[INPUT]:
=-=-=-=-=

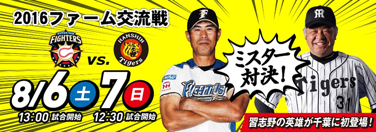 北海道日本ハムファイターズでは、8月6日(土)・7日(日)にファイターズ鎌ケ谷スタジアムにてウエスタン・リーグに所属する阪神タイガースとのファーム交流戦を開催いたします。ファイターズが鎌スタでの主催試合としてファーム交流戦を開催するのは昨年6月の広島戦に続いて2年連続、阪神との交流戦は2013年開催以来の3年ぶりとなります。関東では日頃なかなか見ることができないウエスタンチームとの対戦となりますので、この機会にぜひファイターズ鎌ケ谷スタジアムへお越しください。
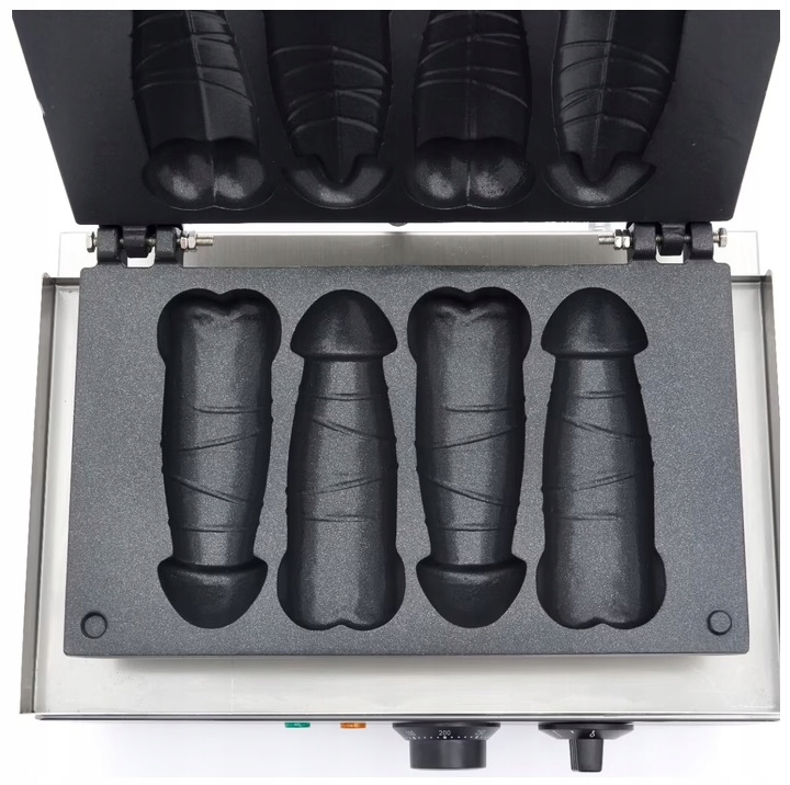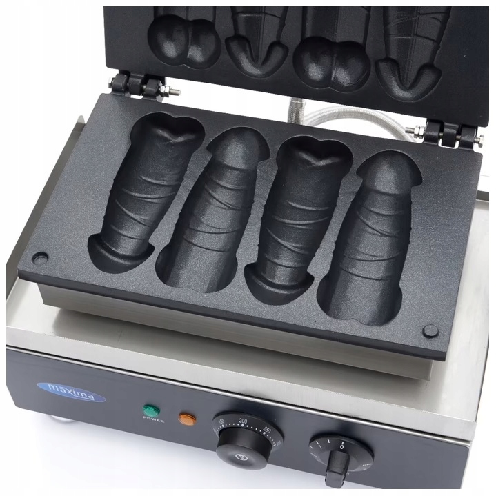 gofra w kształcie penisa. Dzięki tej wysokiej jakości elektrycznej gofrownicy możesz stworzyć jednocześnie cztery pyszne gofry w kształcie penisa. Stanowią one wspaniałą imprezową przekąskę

=-=-=-=-=

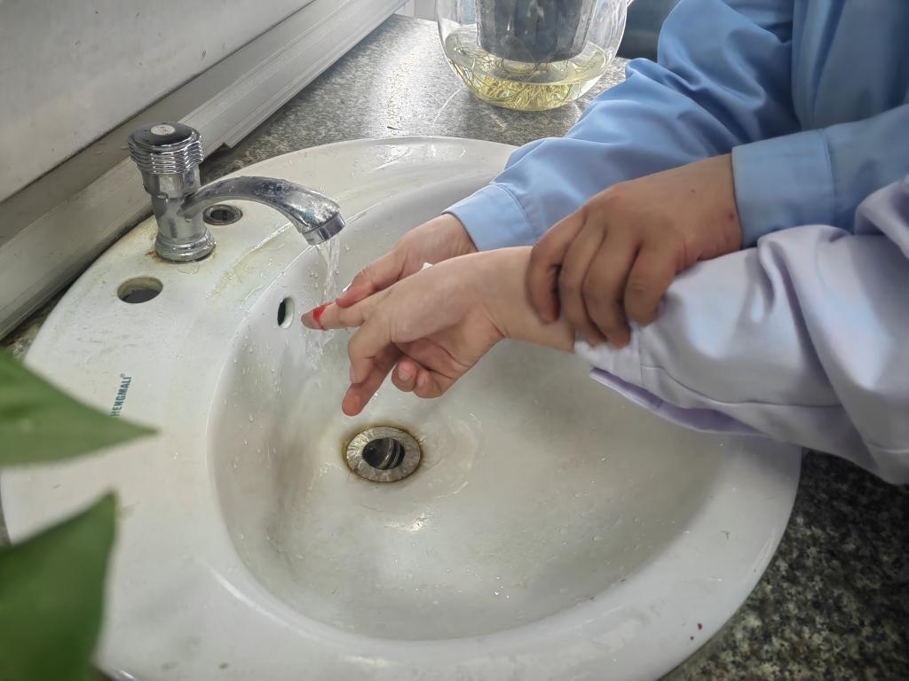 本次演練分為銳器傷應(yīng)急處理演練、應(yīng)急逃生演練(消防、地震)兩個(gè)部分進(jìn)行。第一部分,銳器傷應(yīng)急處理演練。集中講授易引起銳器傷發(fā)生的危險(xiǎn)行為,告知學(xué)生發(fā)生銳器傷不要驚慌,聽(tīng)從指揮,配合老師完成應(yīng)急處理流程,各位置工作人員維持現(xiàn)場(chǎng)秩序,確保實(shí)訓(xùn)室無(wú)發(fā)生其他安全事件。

=-=-=-=-=

[WHAT THE TASK REQUIRES]:
Transcribe the listing above exactly, but only from the line with "北海道日本ハムファイターズで" through the line with "gofra w kształcie". Include both of those lines and omit the pictures.

[OUTPUT FOR THIS TASK]:
 北海道日本ハムファイターズでは、8月6日(土)・7日(日)にファイターズ鎌ケ谷スタジアムにてウエスタン・リーグに所属する阪神タイガースとのファーム交流戦を開催いたします。ファイターズが鎌スタでの主催試合としてファーム交流戦を開催するのは昨年6月の広島戦に続いて2年連続、阪神との交流戦は2013年開催以来の3年ぶりとなります。関東では日頃なかなか見ることができないウエスタンチームとの対戦となりますので、この機会にぜひファイターズ鎌ケ谷スタジアムへお越しください。
 gofra w kształcie penisa. Dzięki tej wysokiej jakości elektrycznej gofrownicy możesz stworzyć jednocześnie cztery pyszne gofry w kształcie penisa. Stanowią one wspaniałą imprezową przekąskę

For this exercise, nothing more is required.